UNITED STATES COURT OF APPEALS FOR THE FEDERAL CIRCUIT


Decided: January 30, 1992.

CARL B. MCGUFFIN, PETITIONER,
v.
OFFICE OF PERSONNEL MANAGEMENT, RESPONDENT.

Carl B. McGuffin appeals the April 11, 1991 decision of the Merit Systems Protection Board (MSPB or board), Docket No. SF083M86A0560, which denied his request for costs and attorney's fees incurred in obtaining a waiver of repayment of an overpayment of his civil service annuity.

Before Archer, Circuit Judge, Smith, Senior Circuit Judge, and Lourie, Circuit Judge.

Per Curiam

Per Curiam.

DECISION

Carl B. McGuffin appeals the April 11, 1991 decision of the Merit Systems Protection Board (MSPB or board), Docket No. SF083M86A0560, which denied his request for costs and attorney's fees incurred in obtaining a waiver of repayment of an overpayment of his civil service annuity. We affirm.

To obtain attorney's fees pursuant to 5 U.S.C. § 7701(g)(1), the petitioner must show that (1) the petitioner was the prevailing party, and (2) the award is warranted in the interest of Justice. Sterner v. Department of Army, 711 F.2d 1563, 1565-66 (Fed. Cir. 1983). Both parties agree that petitioner was the prevailing party.

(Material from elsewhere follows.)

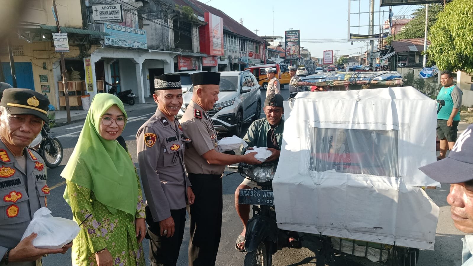 Kapolsek Pancur Batu Kompol Junaidi S.H , Ketua Ranting Bhayangkari Pancur Batu Ny Nova Junaidi , dan Ketua Pac Muslimatt NU ibu Darani Nasution hadir langsung dalam pembagian takjl kepada masyarakat yang melintas di depan Kantor Polsek Pancur Batu
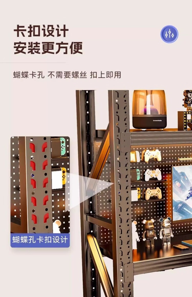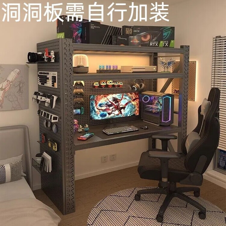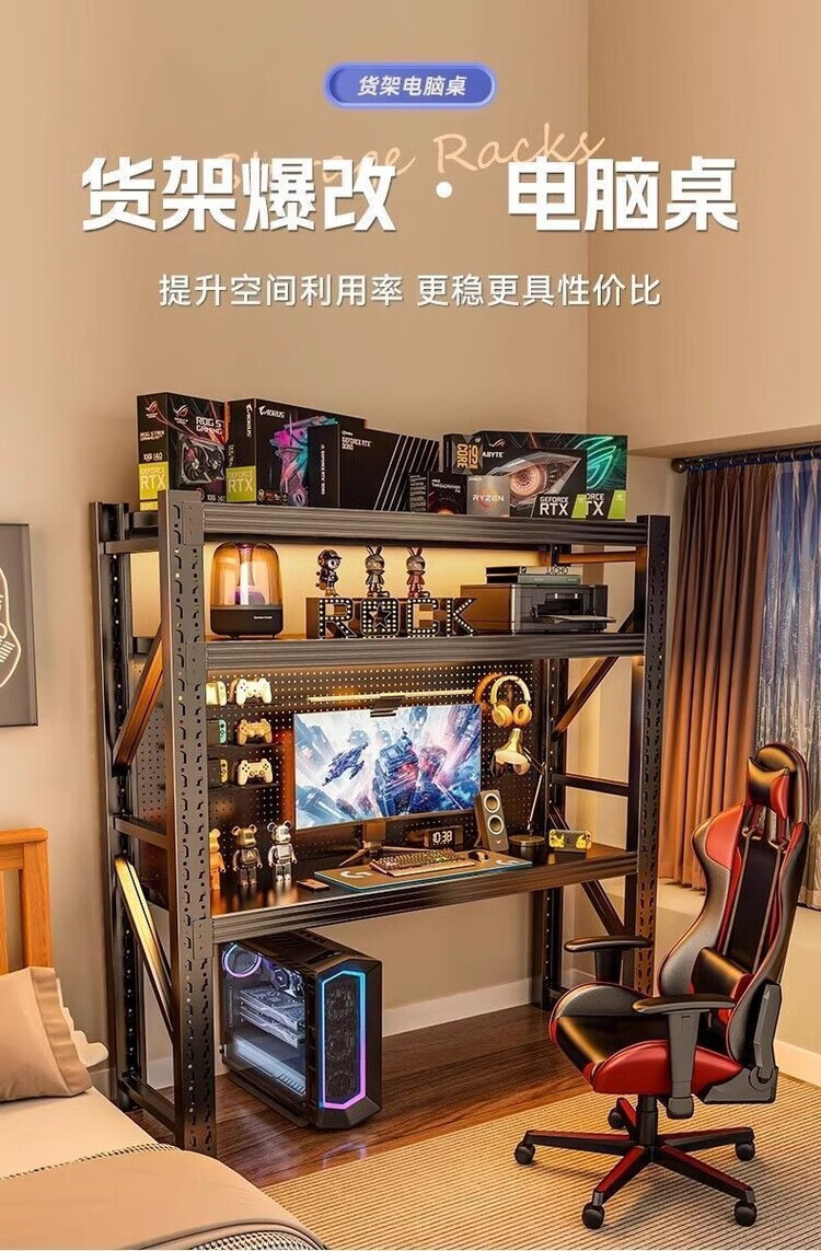 迈途森货架电竞桌出租房电脑桌家用可升降洞洞板多层收纳架工作台书桌台 黑黄色-四层高2m【通体冷轧钢】 长150*宽60cm/【爆改电竞桌】

In Allen v. United States Postal Serv., 2 MSPB 582, 592-93 (1990), the board established guidelines for determining whether attorney's fees were "warranted in the interest of Justice." This court has held that these guidelines are acceptable. Sterner, 711 F.2d at 1571. In this case, attorney's fees were denied on two of the guidelines established in Allen : (1) whether the agency knew, or should have known, that it would not prevail when it took the action under appeal; and (2) whether the agency's action was clearly without merit. See Allen, 2 MSPB at 592-93; Sterner, 711 F.2d at 1569. The board has considerable discretion in determining whether an award of attorney's fees is warranted in the interest of Justice. Sterner, 711 F.2d at 1571. The decision to deny attorney's fees because these two Allen criteria were not established was well within the board's considerable discretion.

Accordingly, under our standard of review we are not persuaded that the board's decision is (1) arbitrary, capricious, an abuse of discretion or otherwise not in accordance with law; (2) obtained without a procedure required by law, rule, or regulation having been followed; or (3) unsupported by substantial evidence. 5 U.S.C. § 7703(c).

Disposition

We affirm.

19920130

© 1998 VersusLaw Inc.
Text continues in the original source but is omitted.